MATERIALS PROVIDED Block Start
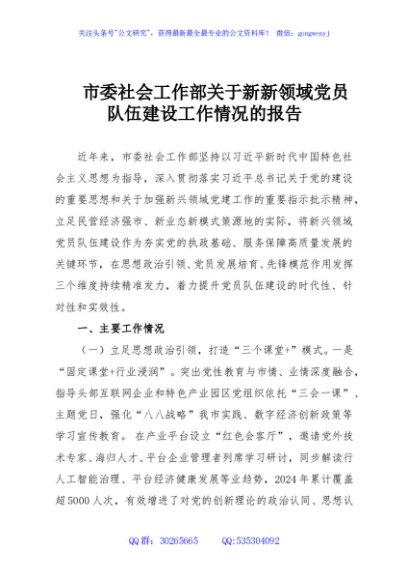 / 市委社会工作部关于新新领域党员队伍建设工作情况的报告
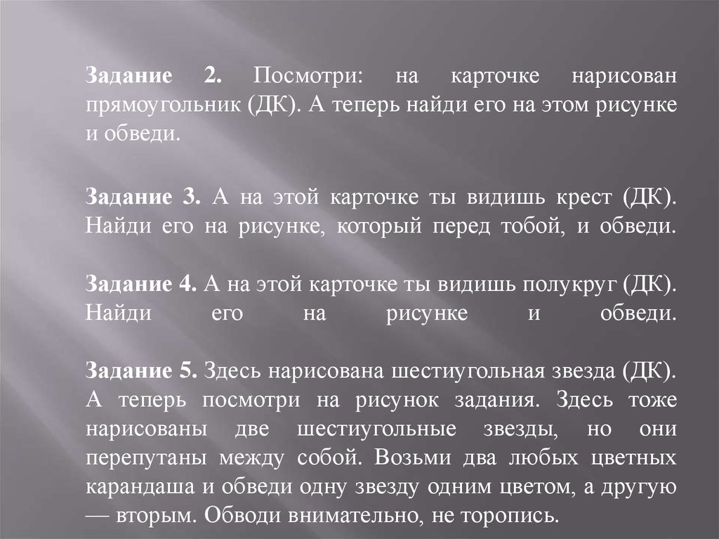 Задание 2. Посмотри: на карточке нарисованпрямоугольник (ДК). А теперь найди его на этом рисунке
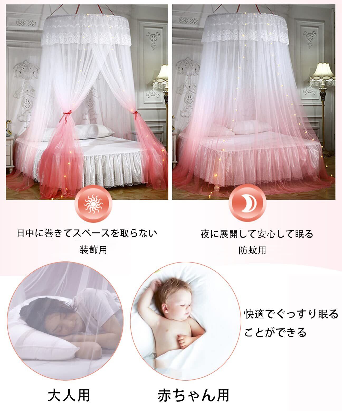 【快適な安眠へ】蚊や飛行昆虫を防ぎ、大人も子供も害虫から守ってくれて、安心して眠れます。天井から吊って、ゆるやかに周囲の視線や光を遮ったり、大空間のスペースを与え、人に安心感を十分に感じさせます。陽射し、ランプの光を柔く、ぐっすり眠ることができます。
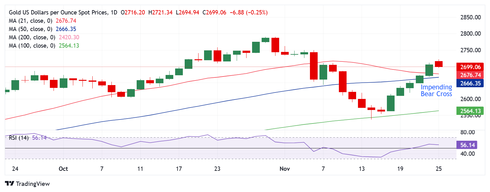 من ناحية أخرى، يحتاج مشتري الذهب إلى إغلاق شمعة يومية فوق أعلى مستويات 5 نوفمبر/تشرين الثاني عند منطقة 2750 دولار من أجل استئناف الاتجاه الصاعد نحو أعلى المستويات على الإطلاق عند منطقة 2790 دولار.
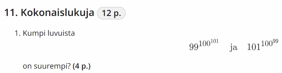 Esitetään arvaus, että \(99^{100^{101}}>101^{100^{99}}\) ja yritetään osoittaa tämä epäyhtälö todeksi. Jos se osoittautuu epätodeksi, korjataan epäyhtälön suunta jälkeenpäin.
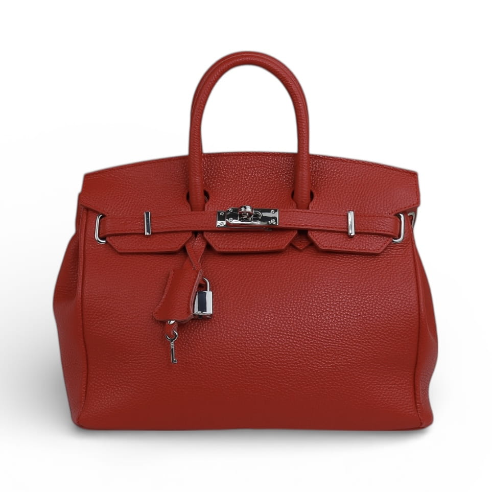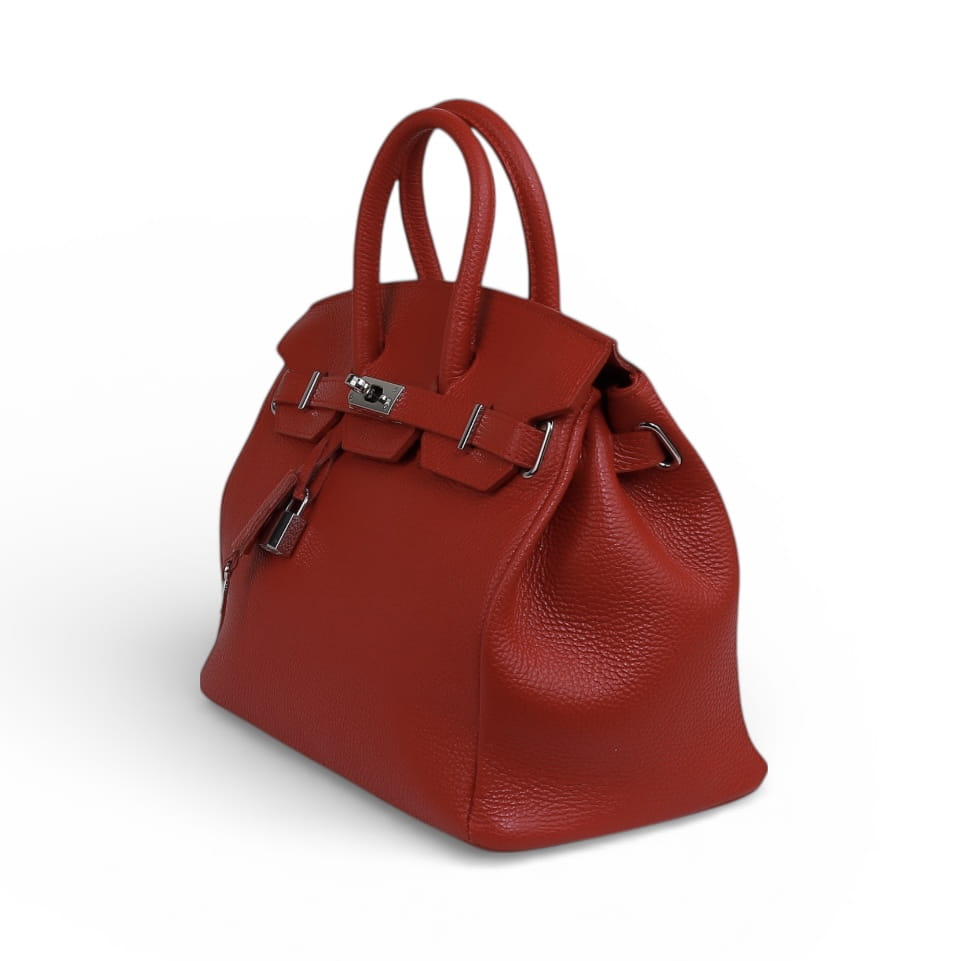 Elegancka torebka skórzana damska – naturalna skóra groszkowa, Włoska produkcja.
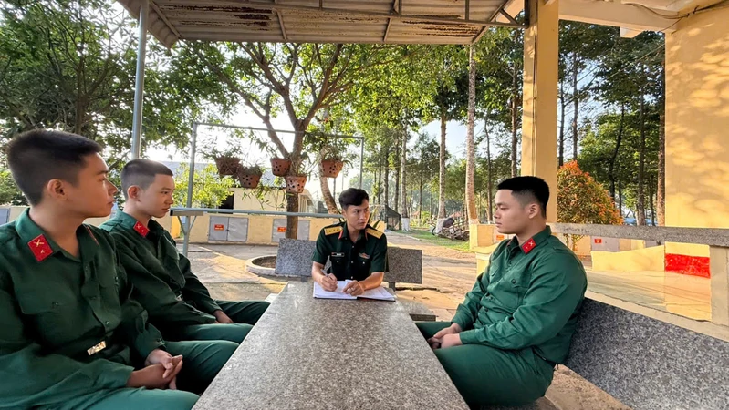 Là những người trực tiếp gắn bó với bộ đội trong từng hoạt động hằng ngày, đội ngũ cán bộ đại đội, trung đội, tiểu đội luôn đồng hành cùng chiến sĩ trong học tập, sinh hoạt và công tác. Từ bữa ăn, giấc ngủ đến các hoạt động sinh hoạt hằng ngày, cán bộ luôn cùng ăn, cùng ở, cùng làm với bộ đội; trực tiếp hướng dẫn, uốn nắn từng nền nếp, quy định trong đời sống tập thể. Những buổi tối sau giờ sinh hoạt, cán bộ lại chủ động gặp gỡ, trò chuyện, nắm bắt tâm tư, nguyện vọng của chiến sĩ mới; kịp thời động viên, chia sẻ, giúp các đồng chí vơi bớt bỡ ngỡ, nhanh chóng ổn định tư tưởng trong những ngày đầu về đơn vị. Chính sự gần gũi, chân thành và trách nhiệm ấy đã dần xóa đi khoảng cách ban đầu, giúp chiến sĩ mới cảm nhận rõ sự quan tâm, tình đồng chí, đồng đội trong đơn vị, từ đó thêm yên tâm, tin tưởng và nhanh chóng hòa nhập với môi trường quân ngũ.
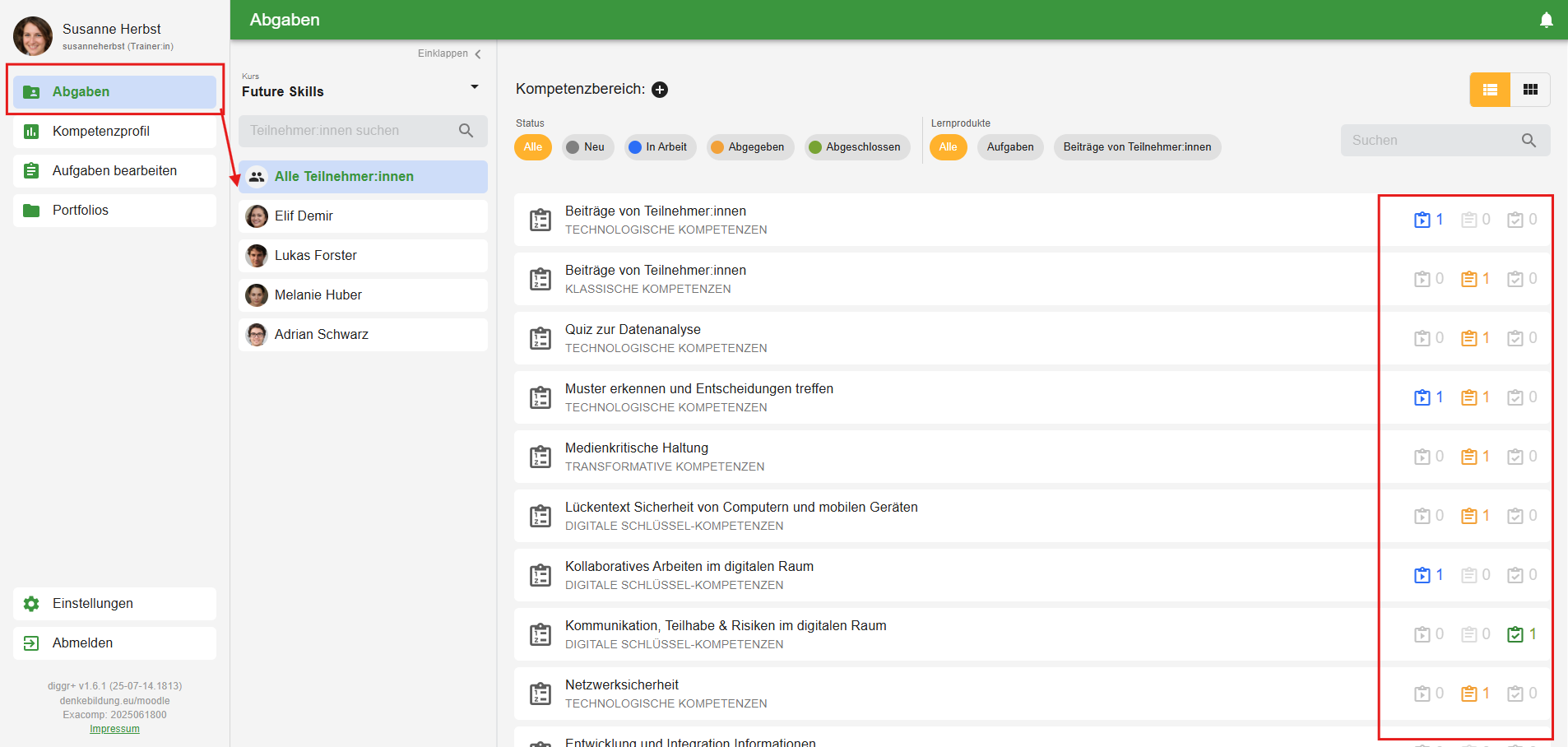 Im Tab “Abgaben” finden Lehrpersonen die Übersicht aller Aufgaben von entweder allen Teilnehmer:innen des Kurses oder einzelnen Lernenden. Die Symbole rechts neben den Aufgaben zeigen an, ob diese gerade in Bearbeitung, Abgegeben oder bereits abgeschlossen sind.
MATERIALS PROVIDED Block End
Retype nothing except the lines from the first line of the listing above through the line with "Elegancka torebka skórzana", exactly as they stand, and no pictures.

 / 市委社会工作部关于新新领域党员队伍建设工作情况的报告
 Задание 2. Посмотри: на карточке нарисованпрямоугольник (ДК). А теперь найди его на этом рисунке
 【快適な安眠へ】蚊や飛行昆虫を防ぎ、大人も子供も害虫から守ってくれて、安心して眠れます。天井から吊って、ゆるやかに周囲の視線や光を遮ったり、大空間のスペースを与え、人に安心感を十分に感じさせます。陽射し、ランプの光を柔く、ぐっすり眠ることができます。
 من ناحية أخرى، يحتاج مشتري الذهب إلى إغلاق شمعة يومية فوق أعلى مستويات 5 نوفمبر/تشرين الثاني عند منطقة 2750 دولار من أجل استئناف الاتجاه الصاعد نحو أعلى المستويات على الإطلاق عند منطقة 2790 دولار.
 Esitetään arvaus, että \(99^{100^{101}}>101^{100^{99}}\) ja yritetään osoittaa tämä epäyhtälö todeksi. Jos se osoittautuu epätodeksi, korjataan epäyhtälön suunta jälkeenpäin.
 Elegancka torebka skórzana damska – naturalna skóra groszkowa, Włoska produkcja.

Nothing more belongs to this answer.